The PVFR Act of 2001, which recognizes farmers as both cultivators and stewards of the agricultural gene pool as well as breeders who have successfully developed a number of varieties, has the potential to safeguard biodiversity in the agricultural sector. “According to Section 14(c) of the Act, such farmer’s varieties must be registered by the farmer, a farmer’s association (Section 16(d) of the PVP Act, 2001), or any other person authorized by the farmer to submit such an application (Section 16E, PPVFR Act 2001) ”. This law acknowledged long-standing customs like planting, harvesting, and sharing farm produce—practices that are still crucial to modern ideas like organic farming and plantations with abundant resources.

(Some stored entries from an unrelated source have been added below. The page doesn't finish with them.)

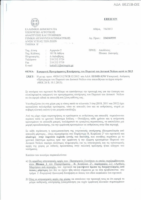 Εφαρμογή προγράμματος επιτήρησης του Πυρετού του Δυτικού Νείλου
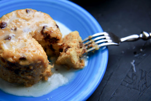 Remove cake from ramekin (or don’t), pour frosting over top. Enjoy!
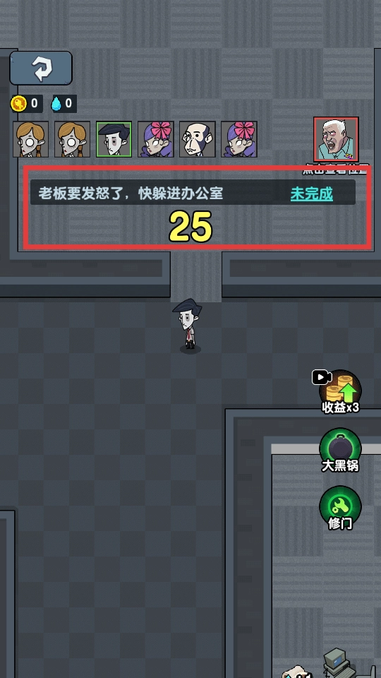 2、注意“老板要发怒了,快躲进办公室”的提示,在倒计时结束前控制角色移动到办公室,躲避老板的怒火。
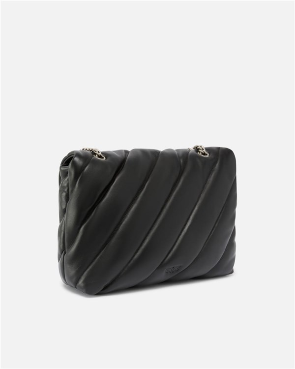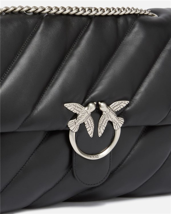 Borsa grande a tracolla Big Love Bag Puff in morbida nappa caratterizzata da maxi trapuntatura obliqua. La chiusura è completata dall'iconica fibbia in metallo Love Birds Diamond Cut. L'interno è foderato in microfibra scamosciata e comprende tramezza chiusa con zip e tasca a parete. La tracolla combina la classica catena metallica rotonda al pratico spallaccio in nappa.
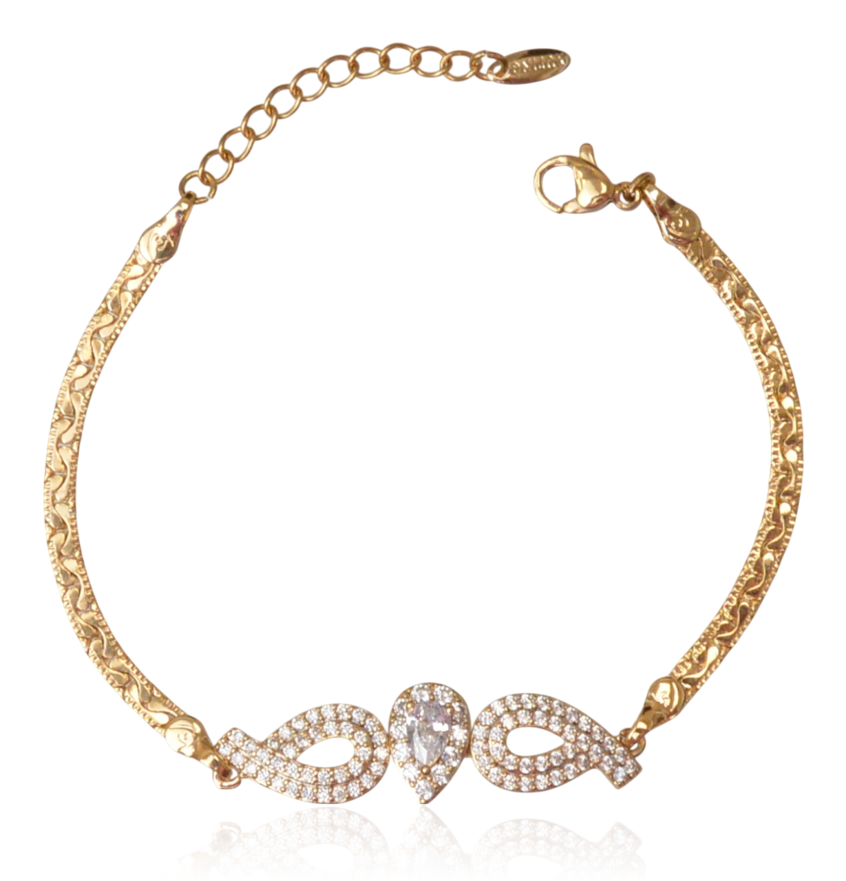 Bransoletka bismarck z miedzi pozłacanej z cyrkoniami
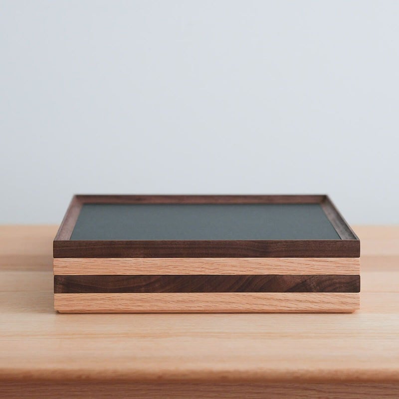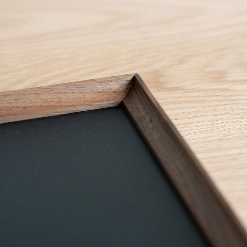 和食器と洋食器、どちらにも合わせやすい、ウォールナットとオークを使っています。長くお使いいただくため、お手入れは水洗いを避け、汚れた場合は固く絞ったふきんで拭き取ってください。時々、クルミオイルやオリーブオイルで枠の部分をお手入れすると、木肌が保護され塗装が長持ちします。
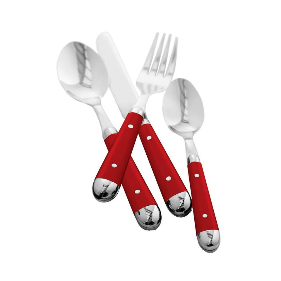 ชุดเครื่องใช้บนโต๊ะอาหารทำจากสเตนเลสสตีลสีเงินเหมาะสำหรับโต๊ะอาหารโต๊ะในบ้านคาเฟ่ชุดมือจับโลหะสีแดงจำนวน4ชิ้น
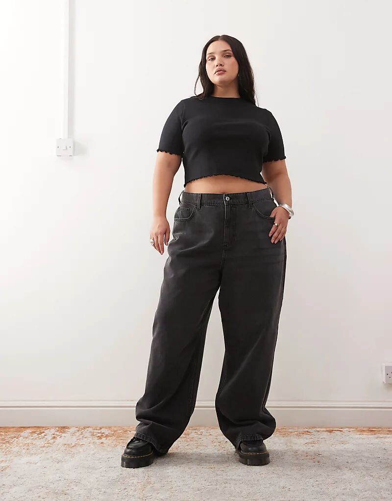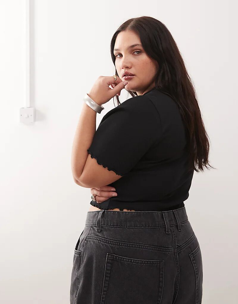Футболка COLLUSION Plus с салатовым краем в рубчик, черная 2 344₽
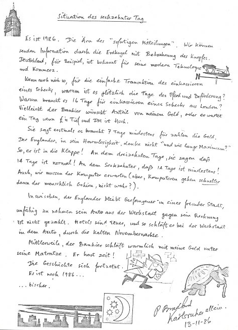 In November 1986, I got a second-hand van and took it over to Germany to visit some of the people I’d got to know. Pip and Linden came along for the ride. The van broke down, and the other two went on to Holland, while I waited for a new engine to be sent over from England. I went to a concert and saw a student band. Then I heard on the radio that a toxic cloud had come over from Switzerland and would pass quite near to where I was (sleeping in the cold van).
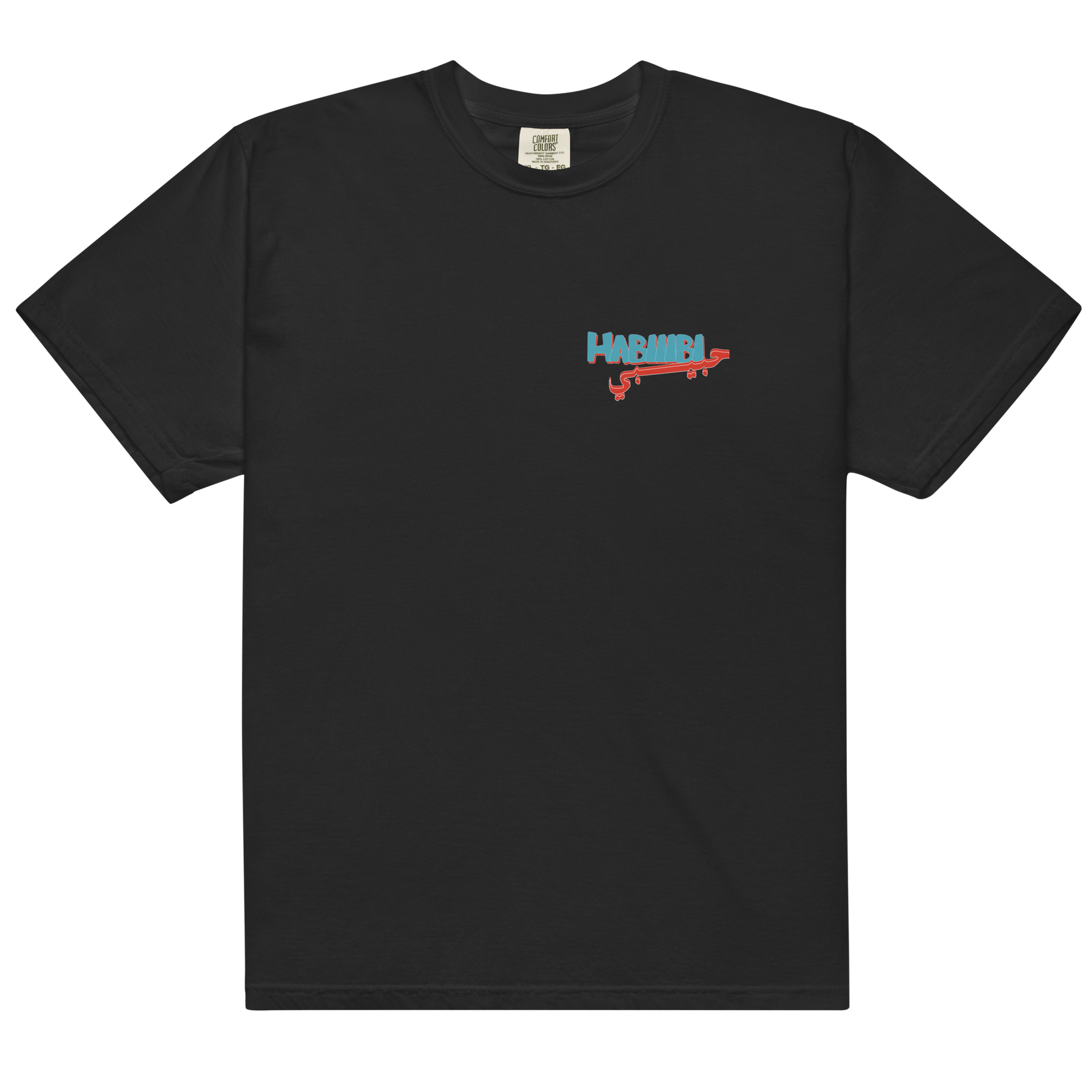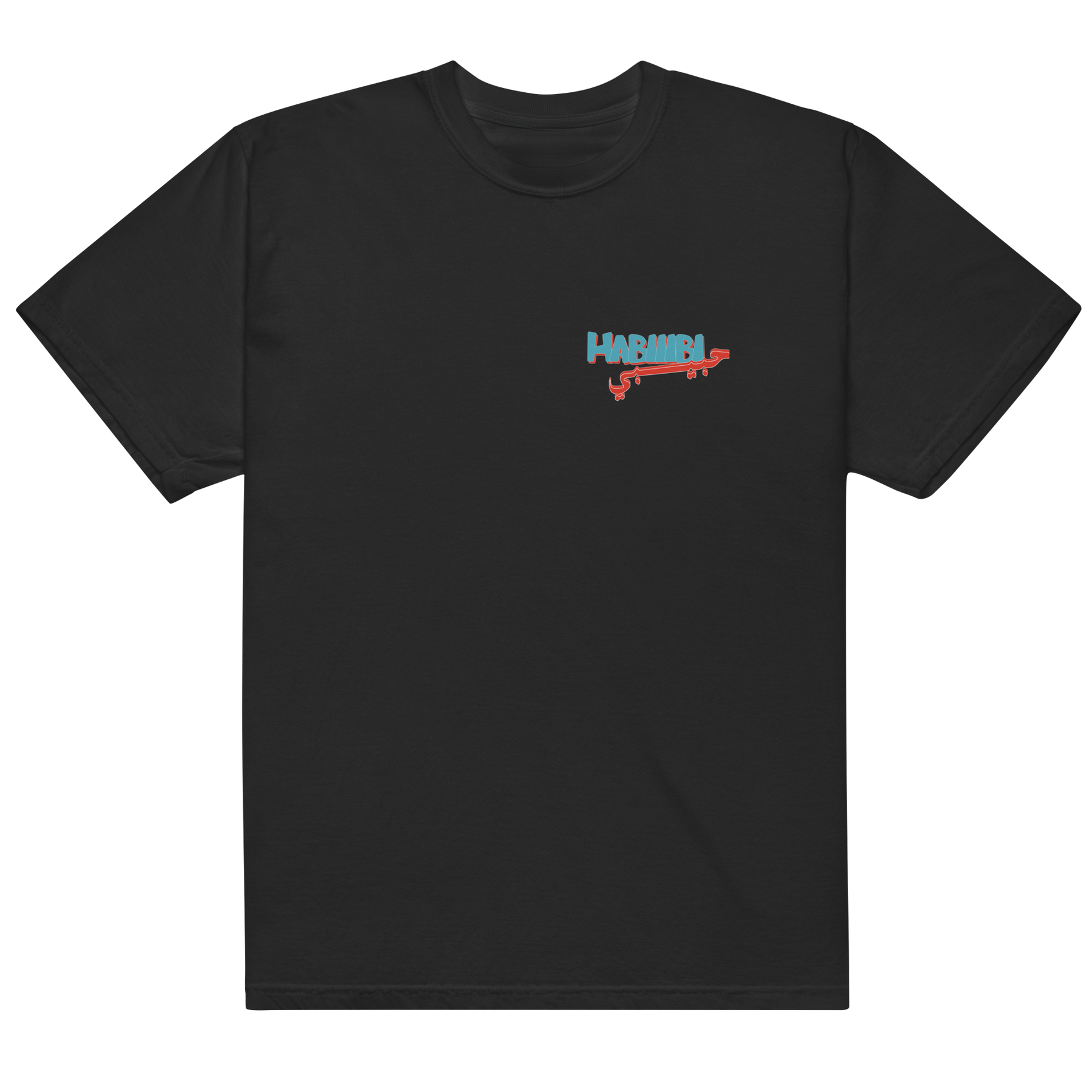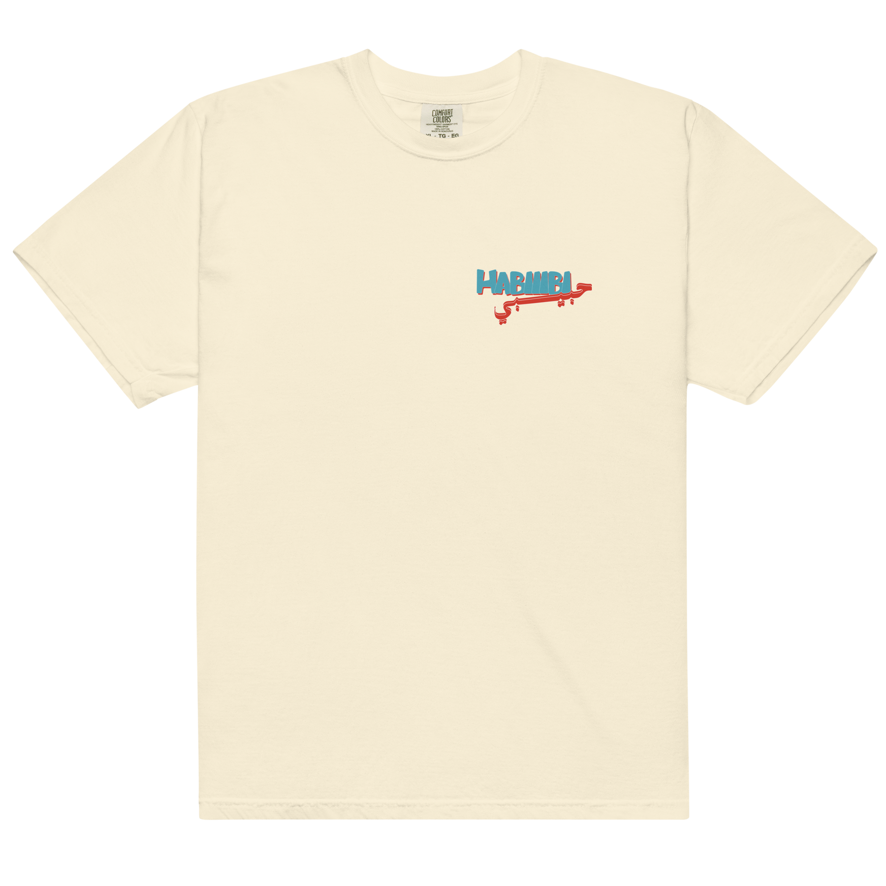 Classic tee featuring Nasser's "HABIIIBI" artwork on front left chest, also featuring stacked "HABIIIBI" artowrk on back. Available in black, ivory, and white.

Protection of biodiversity is necessary for a sustainable society where people can utilize natural resources without disproportionately harming them. Local communities and traditional residents, who are the true custodians of the knowledge and resources derived from biodiversity, are greatly impacted by IPR. A friendly IPR rule will effectively defend native people from exploitation and biopiracy for commercial gain and will promote the expansion of knowledge and creativity using the products of the biodiversity system.